眼看一瓶茅子见了底,时间已经过去半个多小时了,对面那位还是闭着眼睛,一点要醒的迹象都没有。
王凡靠在椅背上,盯着他的脸看了一会儿——眉头一会儿皱起来,一会儿又舒展开,像是在经历什么大起大落的事情。
“这家伙的脑子里的记忆,怕是够乱的。”王凡嘀咕了一句,又开了一瓶酒。
随手掏出手机,打算刷会儿视频打发时间。
反正张娜那边还有三十个信仰点的深度睡眠顶着,不着急。
画面在手机屏幕上滑动,他的注意力却时不时飘回对面那张脸上。
此时的乔福安——也就是那个神秘人头目,正沉浸在一片混沌之中。
他记得王凡说完那句“让你明明白白活一回,别死了还做个糊涂鬼”之后,大脑就像被人按下了开关。

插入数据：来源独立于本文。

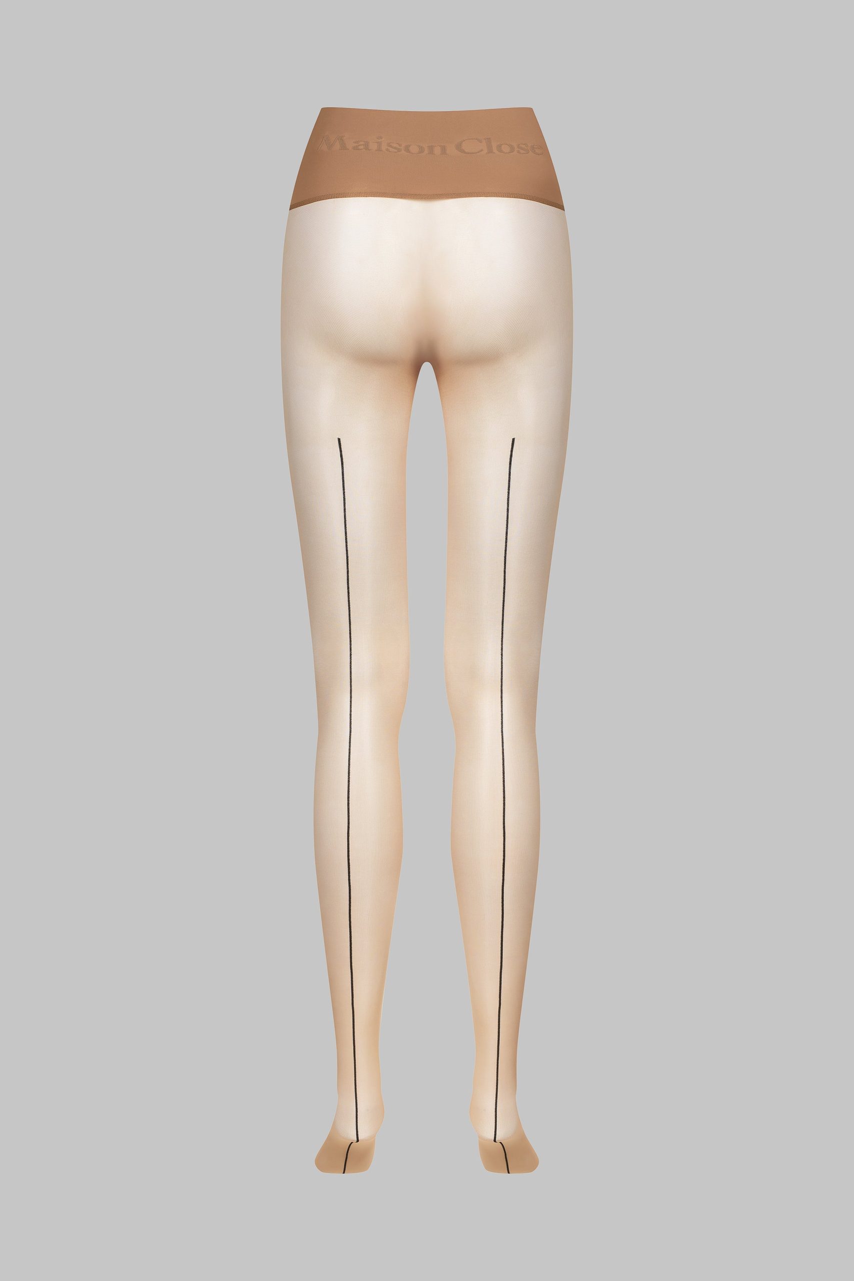 Like a second skin that’s totally invisible under clothes, the seamless crotchless tights enhance the silhouette with their subtle shine. The delicate seams elegantly highlight the back of the legs. A sculpting, ultra-comfortable waistband in Maison Close’s signature tone-on-tone design shapes the waist. Without reinforcement on the feet, heeled sandals are an obvious choice. Made in Italy in an exceptional workshop.
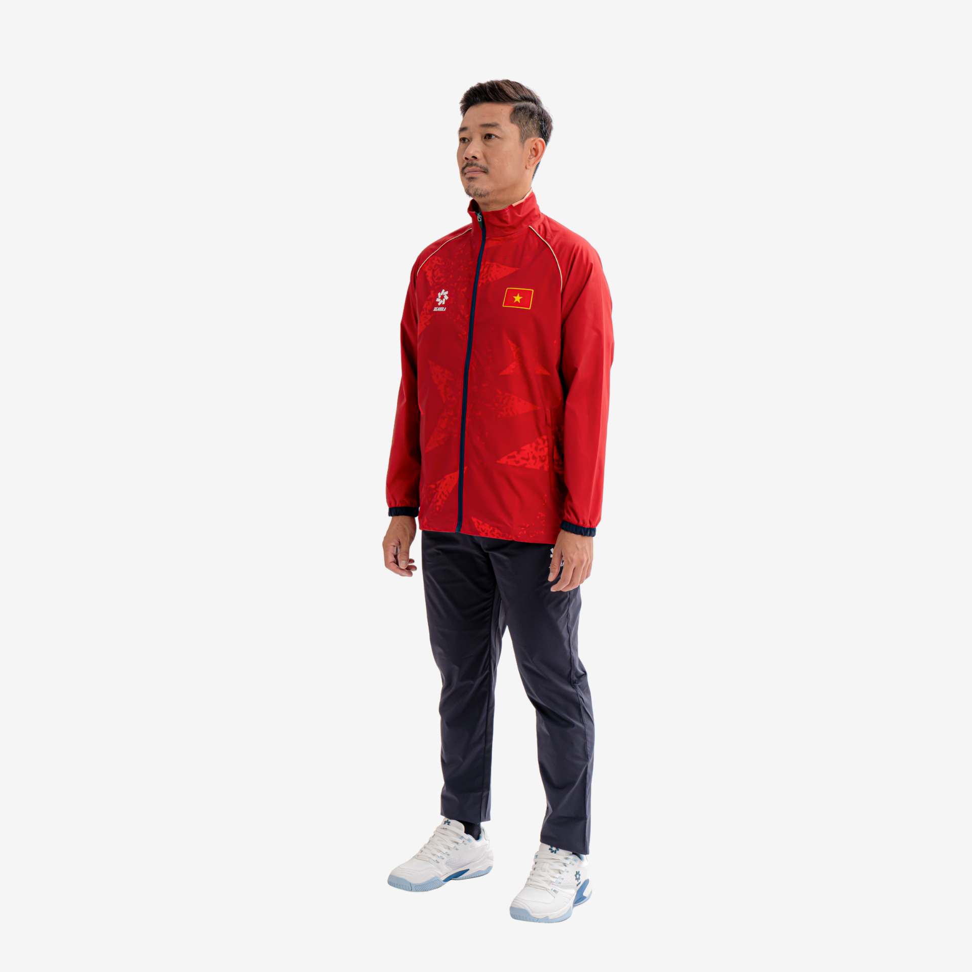Chất liệu gió cao cấp: Bề mặt vải nhẹ, thoáng và có khả năng cản gió tốt, hỗ trợ người mặc giữ ấm trong điều kiện gió lạnh nhưng không gây bí bức. Đây là lựa chọn phù hợp cho vận động viên khi khởi động, di chuyển hoặc tập luyện ngoài trời.

眼前的光线越来越暗,越来越暗,最后彻底陷入一片漆黑。
没有声音,没有感觉,什么都没有。
像沉入了深海。
不知道过了多久,耳边隐约传来夏日夜晚的虫鸣声,细细碎碎的,断断续续。
身上感觉到一阵一阵的微风拂过,轻柔得很,带着蒲扇扇出来的那种节奏。
他知道,那是妈妈在给他扇风。
鼻子里闻到微风中那股熟悉的味道——妈妈身上特有的气息,混着皂角的清香。
浑身软绵绵的,舒服得不想动弹。
他就想这么一直睡着,永远睡在妈妈身边。
“啪!啪啪——”
什么声音?
紧接着,嘈杂的喊叫声、哭喊声、马蹄声像潮水一样涌进来,把那份宁静撕得粉碎。
“福安!福安!快醒醒!”
一个熟悉的声音在耳边炸开,带着从未有过的焦急。
“妈妈,我困……让我再睡会儿……”九岁的乔福安迷迷糊糊地嘟囔着,眼皮沉得像灌了铅。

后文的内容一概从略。